Doe's conflict with the Suns came to a head thanks to an admitted screw-up on her behalf, though the lawsuit doesn't necessarily treat it as such. The lawsuit says she began recording her frustrations in private voice notes on her phone that were intended for her fiancé. In one message, she said her supervisor "was an ineffective leader," only to accidentally send that voice message to the same supervisor.

The suit says Doe was disciplined for what the Suns called her "rude" and "unprofessional" message, despite it "being a private and accidental communication." As a result, the suit says, Mitch restricted her media opportunities to discuss the campaign focused on the Hispanic community. The suit also claims Mitch "was widely regarded within the organization as a key participant in maintaining these discriminatory practices."

Mitch did not address the specific allegations against her in her statement to New Times.

Doe says she reported the alleged harassment and discrimination to the team's human resources department but received only retaliation in return. Specifically, she claims she was denied recognition for her contributions to the marketing campaign, which she says was "a clear manifestation of the discrimination she faced on the basis of her gender and national origin." When she authored a personal social media post highlighting her involvement in it, she says the Suns disciplined her, though the complaint doesn't specify how.

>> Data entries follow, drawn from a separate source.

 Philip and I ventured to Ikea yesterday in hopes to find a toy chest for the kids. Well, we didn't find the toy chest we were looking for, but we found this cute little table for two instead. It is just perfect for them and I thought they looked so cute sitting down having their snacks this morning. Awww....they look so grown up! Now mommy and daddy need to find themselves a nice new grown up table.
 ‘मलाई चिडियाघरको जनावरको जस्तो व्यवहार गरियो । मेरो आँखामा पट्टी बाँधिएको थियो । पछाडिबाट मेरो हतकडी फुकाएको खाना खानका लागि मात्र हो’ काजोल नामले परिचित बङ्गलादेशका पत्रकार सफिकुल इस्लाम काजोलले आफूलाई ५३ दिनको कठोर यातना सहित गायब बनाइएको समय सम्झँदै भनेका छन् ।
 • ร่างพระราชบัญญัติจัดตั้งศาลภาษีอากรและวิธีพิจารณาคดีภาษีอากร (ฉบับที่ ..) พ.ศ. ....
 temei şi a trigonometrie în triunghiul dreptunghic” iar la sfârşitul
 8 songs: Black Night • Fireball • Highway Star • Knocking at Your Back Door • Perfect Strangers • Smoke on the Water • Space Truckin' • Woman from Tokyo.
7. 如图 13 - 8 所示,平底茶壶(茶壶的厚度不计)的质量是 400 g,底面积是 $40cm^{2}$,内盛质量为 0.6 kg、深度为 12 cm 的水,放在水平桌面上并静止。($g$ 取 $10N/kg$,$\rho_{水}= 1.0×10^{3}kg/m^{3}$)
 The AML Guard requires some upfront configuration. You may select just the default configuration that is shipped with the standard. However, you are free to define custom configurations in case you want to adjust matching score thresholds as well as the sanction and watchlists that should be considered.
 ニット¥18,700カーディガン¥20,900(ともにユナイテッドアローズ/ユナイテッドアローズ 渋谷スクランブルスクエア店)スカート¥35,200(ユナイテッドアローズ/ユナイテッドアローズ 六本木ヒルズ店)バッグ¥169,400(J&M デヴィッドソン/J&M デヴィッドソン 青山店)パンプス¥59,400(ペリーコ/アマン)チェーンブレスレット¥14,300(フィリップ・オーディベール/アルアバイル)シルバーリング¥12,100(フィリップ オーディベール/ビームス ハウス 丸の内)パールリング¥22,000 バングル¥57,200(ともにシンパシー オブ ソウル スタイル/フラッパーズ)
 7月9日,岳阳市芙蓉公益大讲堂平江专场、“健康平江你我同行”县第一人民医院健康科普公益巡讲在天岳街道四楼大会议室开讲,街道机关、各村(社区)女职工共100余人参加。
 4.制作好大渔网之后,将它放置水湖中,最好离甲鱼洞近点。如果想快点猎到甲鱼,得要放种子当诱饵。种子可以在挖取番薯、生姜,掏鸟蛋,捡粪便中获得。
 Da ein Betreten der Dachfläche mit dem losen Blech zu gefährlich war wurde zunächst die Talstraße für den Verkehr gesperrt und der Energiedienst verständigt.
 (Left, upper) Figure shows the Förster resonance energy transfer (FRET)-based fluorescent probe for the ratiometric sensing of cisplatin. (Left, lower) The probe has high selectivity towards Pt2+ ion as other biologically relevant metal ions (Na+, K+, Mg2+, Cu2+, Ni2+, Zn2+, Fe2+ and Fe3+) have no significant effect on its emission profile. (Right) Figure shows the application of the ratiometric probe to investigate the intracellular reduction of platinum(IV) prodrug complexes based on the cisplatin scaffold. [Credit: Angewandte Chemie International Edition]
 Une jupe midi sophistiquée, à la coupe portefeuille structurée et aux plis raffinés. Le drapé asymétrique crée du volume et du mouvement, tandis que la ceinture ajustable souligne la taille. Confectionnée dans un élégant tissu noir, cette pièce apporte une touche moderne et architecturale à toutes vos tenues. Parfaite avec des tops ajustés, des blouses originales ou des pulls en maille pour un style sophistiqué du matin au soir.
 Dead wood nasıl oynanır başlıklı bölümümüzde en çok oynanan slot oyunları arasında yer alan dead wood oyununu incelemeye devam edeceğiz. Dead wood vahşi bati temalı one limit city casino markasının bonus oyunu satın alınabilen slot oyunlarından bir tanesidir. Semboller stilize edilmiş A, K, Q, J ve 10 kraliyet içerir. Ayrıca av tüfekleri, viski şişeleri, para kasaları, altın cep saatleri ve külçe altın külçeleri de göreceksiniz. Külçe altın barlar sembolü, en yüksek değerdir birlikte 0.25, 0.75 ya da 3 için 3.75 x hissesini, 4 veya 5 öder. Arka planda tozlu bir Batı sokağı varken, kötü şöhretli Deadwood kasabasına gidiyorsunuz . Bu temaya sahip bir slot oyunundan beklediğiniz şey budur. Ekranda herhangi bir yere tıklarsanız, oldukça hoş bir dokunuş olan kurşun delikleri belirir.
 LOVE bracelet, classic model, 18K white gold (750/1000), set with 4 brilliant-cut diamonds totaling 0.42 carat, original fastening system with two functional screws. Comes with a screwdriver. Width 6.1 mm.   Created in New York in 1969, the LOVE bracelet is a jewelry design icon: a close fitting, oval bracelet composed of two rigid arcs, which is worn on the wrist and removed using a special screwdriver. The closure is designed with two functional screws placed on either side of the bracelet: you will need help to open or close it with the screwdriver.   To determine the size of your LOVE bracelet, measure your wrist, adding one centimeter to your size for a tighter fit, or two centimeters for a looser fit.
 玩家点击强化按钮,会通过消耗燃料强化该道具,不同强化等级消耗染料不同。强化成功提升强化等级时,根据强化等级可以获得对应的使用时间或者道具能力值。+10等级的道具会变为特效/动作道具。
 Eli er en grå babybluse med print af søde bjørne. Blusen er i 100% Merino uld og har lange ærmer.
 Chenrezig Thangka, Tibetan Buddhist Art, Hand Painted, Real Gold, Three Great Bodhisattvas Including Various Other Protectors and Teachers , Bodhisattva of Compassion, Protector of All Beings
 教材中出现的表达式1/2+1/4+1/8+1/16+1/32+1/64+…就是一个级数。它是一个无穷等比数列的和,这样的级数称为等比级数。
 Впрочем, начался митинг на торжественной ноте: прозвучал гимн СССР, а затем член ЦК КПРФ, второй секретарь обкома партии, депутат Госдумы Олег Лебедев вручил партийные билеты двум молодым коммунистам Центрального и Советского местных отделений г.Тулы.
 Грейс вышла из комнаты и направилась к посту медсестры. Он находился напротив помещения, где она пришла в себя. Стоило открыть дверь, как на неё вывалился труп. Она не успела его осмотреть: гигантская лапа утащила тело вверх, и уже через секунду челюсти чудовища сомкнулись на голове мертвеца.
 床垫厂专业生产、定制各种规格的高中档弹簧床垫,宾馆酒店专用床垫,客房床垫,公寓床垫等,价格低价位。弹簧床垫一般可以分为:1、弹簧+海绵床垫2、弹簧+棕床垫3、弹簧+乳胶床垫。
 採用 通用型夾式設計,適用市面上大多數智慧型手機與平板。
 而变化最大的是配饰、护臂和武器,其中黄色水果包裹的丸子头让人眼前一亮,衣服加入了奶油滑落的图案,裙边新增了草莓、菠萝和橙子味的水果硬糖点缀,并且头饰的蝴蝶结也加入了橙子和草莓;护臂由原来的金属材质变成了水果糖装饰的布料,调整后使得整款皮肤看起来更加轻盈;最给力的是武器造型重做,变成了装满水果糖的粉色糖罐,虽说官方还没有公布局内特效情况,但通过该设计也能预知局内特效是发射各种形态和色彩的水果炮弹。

Doe resigned from the organization "due to the intolerable working conditions" in February 2024, a departure she says was "a direct result" of the team's "unlawful conduct."

click to enlarge sheree wright
Sheree Wright is representing three people who have filed discrimination suits against the Phoenix Suns.
Courtesy of IBF Law Group

Suns vs. Wright

While the Suns have denied the allegations made in the previous lawsuits filed by clients of Wright and Walters, they have also gone on the offensive to attack Wright's credibility.

In statements to Law360 and to New Times, Mitch pointed out Wright's record of professional discipline as a lawyer and claimed she is "actively recruiting individuals to slander our organization for her personal gain."

Wright indeed has faced discipline, landing a year of probation in January 2022 for trying to get a family court judge removed from a case over alleged racial bias "without a good faith basis in law or fact." In August 2024, she was given two years of probation over numerous ethical violations in dealings with three different clients, including failing to communicate with clients, failing to comply with a court order and disclosing confidential information about a past client.

Wright admitted the violations when she accepted the probation at the time, though she now says she disputes them. She has accused the state bar of having a biased disciplinary process, claims which the bar has publicly pooh-poohed. In March, she told New Times that she anticipates the attacks on her from the Suns.

“I know what they’re coming with," Wright said at the time. "They’re going to say, ‘She’s just a mess. She goes around starting problems all the time. This is what she does.’"

In that same interview, Wright said she has turned down other people who want to press claims against the Suns, both because she and her team vet them carefully and because her law firm, IBF Law Group, is small and cannot handle so many cases. However, she said then that she had at least two more clients working on filing lawsuits, one of which appears to have been Doe.

In a statement to New Times for this story, Wright said she felt "compelled to address what I believe is a deeply troubling and increasingly hostile response from the Phoenix Suns organization. When a professional franchise resorts to lies, ridicule, and smear tactics, it signals desperation, not credibility." Wright called Mitch's suggestion that she is recruiting clients with vendettas against the team "not only baseless, but defamatory" and said that she may pursue a defamation claim if the Suns continue to make such a claim.

"Let me be clear: our firm does not recruit clients," Wright wrote. "We respond to individuals who seek our help, who come forward with their experiences, and who deserve advocacy and justice."